» **Data**

-=-=-

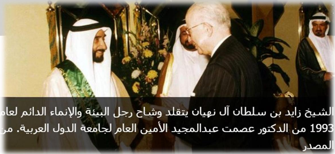
الشيخ زايد بن سلطان آل نهيان يتقلد وشاح رجل البيئة والإنماء الدائم لعام 1993 من الدكتور عصمت عبدالمجيد الأمين العام لجامعة الدول العربية.

تقديراً لأعمال المغفور له الشيخ زايد، الإنسانية والخيرية؛ حصل على العديد من الأوسمة والجوائز التكريمية والتقديرية على مستوى العالم، ومن هذه الجوائز والأوسمة: الوثيقة الذهبية من المنظمة الدولية للأجانب في جنيف، بوصفه أهم شخصية في عام 1985. ولدوره البارز في المجالات الإنسانية والحضارية، وفي عام 1998 اختير أبرز شخصية عالمية من قبل هيئة رجل العام الفرنسية لجهوده في مكافحة التصحر والاهتمام بالبيئة والمشروعات الإنمائية المختلفة. كما اختير الشيخ زايد، طيب الله ثراه، شخصية عام 1999 الإسلامية، من قبل المسؤولين عن جائزة دبي الدولية للقرآن الكريم؛ لما يوليه من رعاية كبيرة لبرنامج الرعاية الاجتماعية والإنسانية، ولما يقدمه من دعم للتعاون الإسلامي في كل الميادين، وإنشائه برامج المشروعات الخاصة، وبرامج الأنشطة الإسلامية الخيرية والثقافية والتعليمية، وتقديم المساعدات لمتضرري الكوارث.
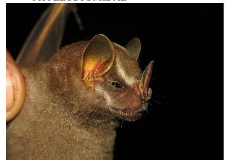
57. Platyrrhinus brachycephalus * Murciélagito de nariz ancha de cabeza pequeña PHYLLOSTOMIDAE
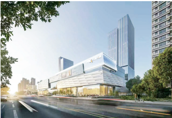
成都首座万象天地效果图。

-=-=-

» **What is being asked**
Repeat the material above verbatim. Leave the pictures behind.

» **Output for this exercise**
الشيخ زايد بن سلطان آل نهيان يتقلد وشاح رجل البيئة والإنماء الدائم لعام 1993 من الدكتور عصمت عبدالمجيد الأمين العام لجامعة الدول العربية.

تقديراً لأعمال المغفور له الشيخ زايد، الإنسانية والخيرية؛ حصل على العديد من الأوسمة والجوائز التكريمية والتقديرية على مستوى العالم، ومن هذه الجوائز والأوسمة: الوثيقة الذهبية من المنظمة الدولية للأجانب في جنيف، بوصفه أهم شخصية في عام 1985. ولدوره البارز في المجالات الإنسانية والحضارية، وفي عام 1998 اختير أبرز شخصية عالمية من قبل هيئة رجل العام الفرنسية لجهوده في مكافحة التصحر والاهتمام بالبيئة والمشروعات الإنمائية المختلفة. كما اختير الشيخ زايد، طيب الله ثراه، شخصية عام 1999 الإسلامية، من قبل المسؤولين عن جائزة دبي الدولية للقرآن الكريم؛ لما يوليه من رعاية كبيرة لبرنامج الرعاية الاجتماعية والإنسانية، ولما يقدمه من دعم للتعاون الإسلامي في كل الميادين، وإنشائه برامج المشروعات الخاصة، وبرامج الأنشطة الإسلامية الخيرية والثقافية والتعليمية، وتقديم المساعدات لمتضرري الكوارث.
57. Platyrrhinus brachycephalus * Murciélagito de nariz ancha de cabeza pequeña PHYLLOSTOMIDAE
成都首座万象天地效果图。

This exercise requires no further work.